§ **Input records**:
----------

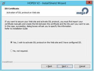 4. Choose to activate use of SSL/TLS or not. SSL/TLS is highly recommended; however, it requires some prior configuration of IIS (see Prerequisites section). Moreover, don’t choose “Yes” unless the certificate is deployed in IIS. Otherwise, the installation will roll back:
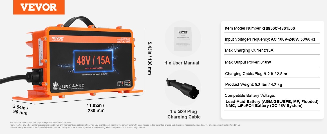 The VEVOR 36V 18A Golf Cart Battery Charger Powerwise...
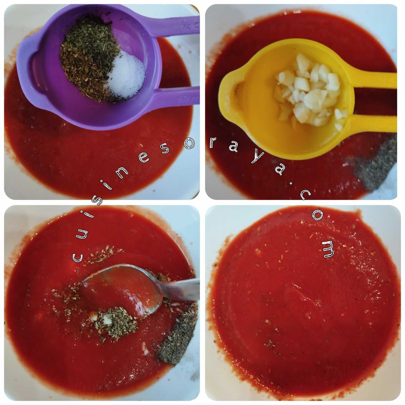 – Ajouter dans un bol ajouter la purée de tomate, le sel, le poivre, l'origan, l'ail et bien mélanger le tout. Réserver.
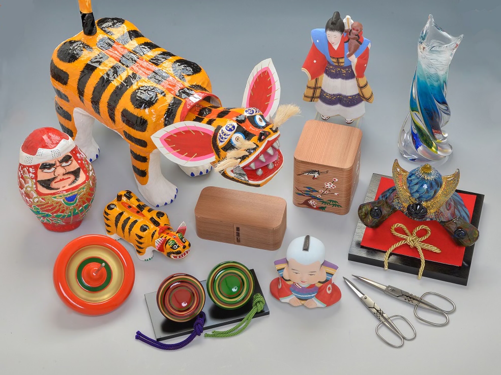 「博多伝統職の会」では,福岡県知事指定特産民工芸品である博多鋏・博多曲物・博多独楽・博多張子・マルティグラス・今宿人形の職人たちが活躍しています。
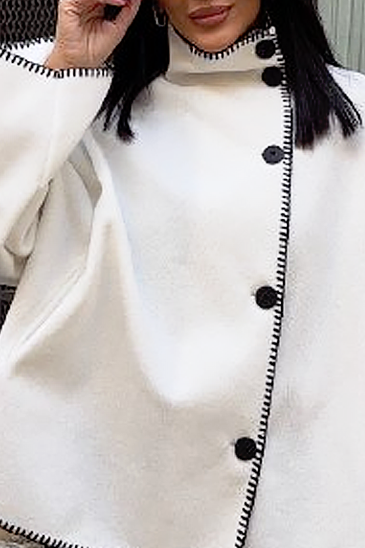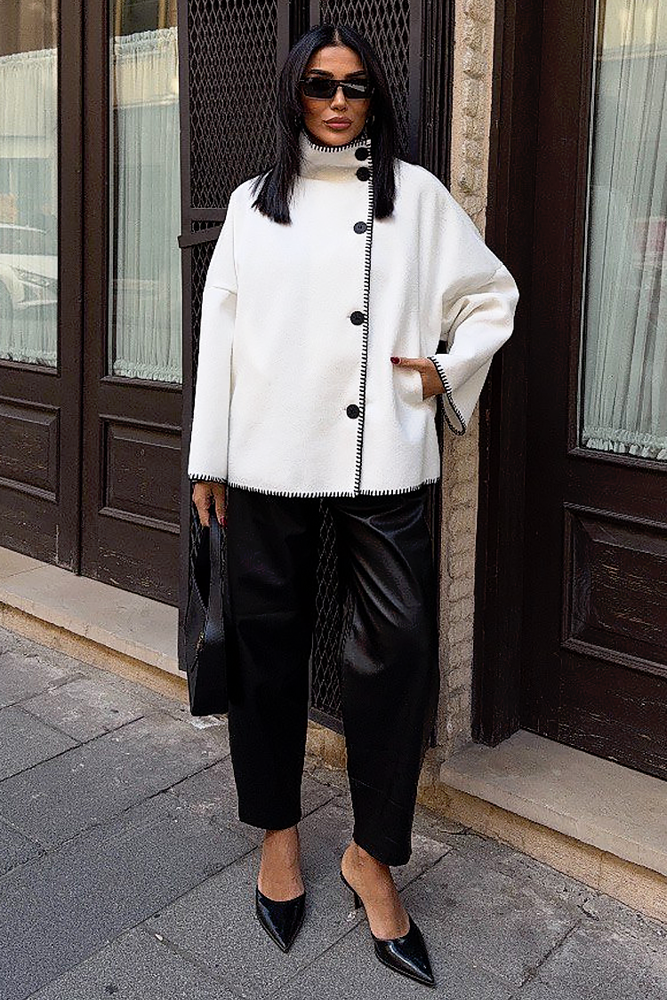 - A modell stílusos, túlméretezett szabással, elegáns gallérral és gombokkal rendelkezik teljes hosszában.
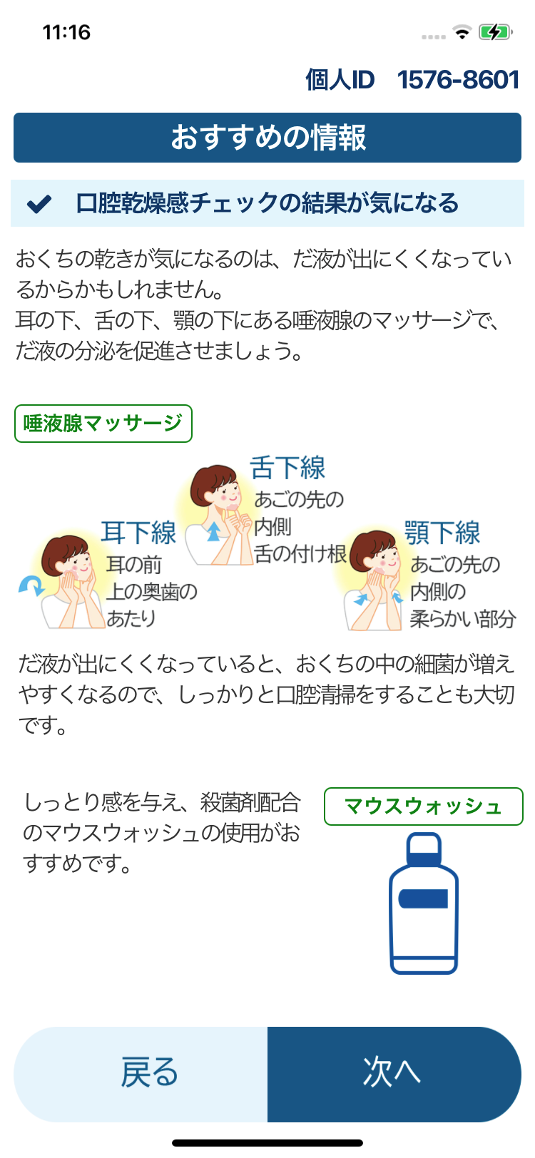 簡単な質問に答えていくだけで「おくち元気度」が確認でき、おすすめのケアの方法も教えてくれます。
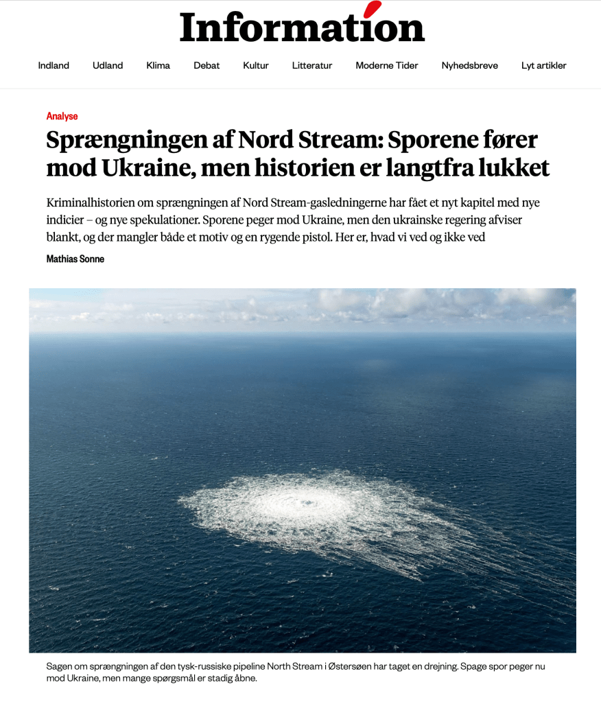 Danes were informed, not consulted, about a huge increase in military spending and to be prepared for attacks on vital infrastructure. There was no mention of Nordstream, of course.
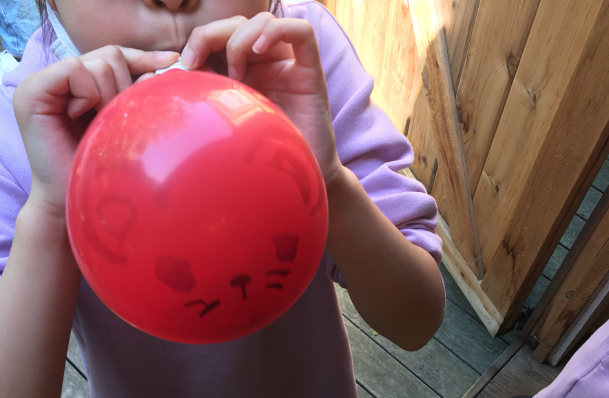 1回目はちょっと硬いので子どもでは上手く膨らまないこともあります。その場合は、大人の方が一度膨らましてあげましょう!そうすると、2回目からは子どもでも風船を膨らましやすくなりますよ♪

----------

§ **Work instructions**:
Return the lines above exactly; the images are not part of the copy.

§ **The completed task**:
 4. Choose to activate use of SSL/TLS or not. SSL/TLS is highly recommended; however, it requires some prior configuration of IIS (see Prerequisites section). Moreover, don’t choose “Yes” unless the certificate is deployed in IIS. Otherwise, the installation will roll back:
 The VEVOR 36V 18A Golf Cart Battery Charger Powerwise...
 – Ajouter dans un bol ajouter la purée de tomate, le sel, le poivre, l'origan, l'ail et bien mélanger le tout. Réserver.
 「博多伝統職の会」では,福岡県知事指定特産民工芸品である博多鋏・博多曲物・博多独楽・博多張子・マルティグラス・今宿人形の職人たちが活躍しています。
 - A modell stílusos, túlméretezett szabással, elegáns gallérral és gombokkal rendelkezik teljes hosszában.
 簡単な質問に答えていくだけで「おくち元気度」が確認でき、おすすめのケアの方法も教えてくれます。
 Danes were informed, not consulted, about a huge increase in military spending and to be prepared for attacks on vital infrastructure. There was no mention of Nordstream, of course.
 1回目はちょっと硬いので子どもでは上手く膨らまないこともあります。その場合は、大人の方が一度膨らましてあげましょう!そうすると、2回目からは子どもでも風船を膨らましやすくなりますよ♪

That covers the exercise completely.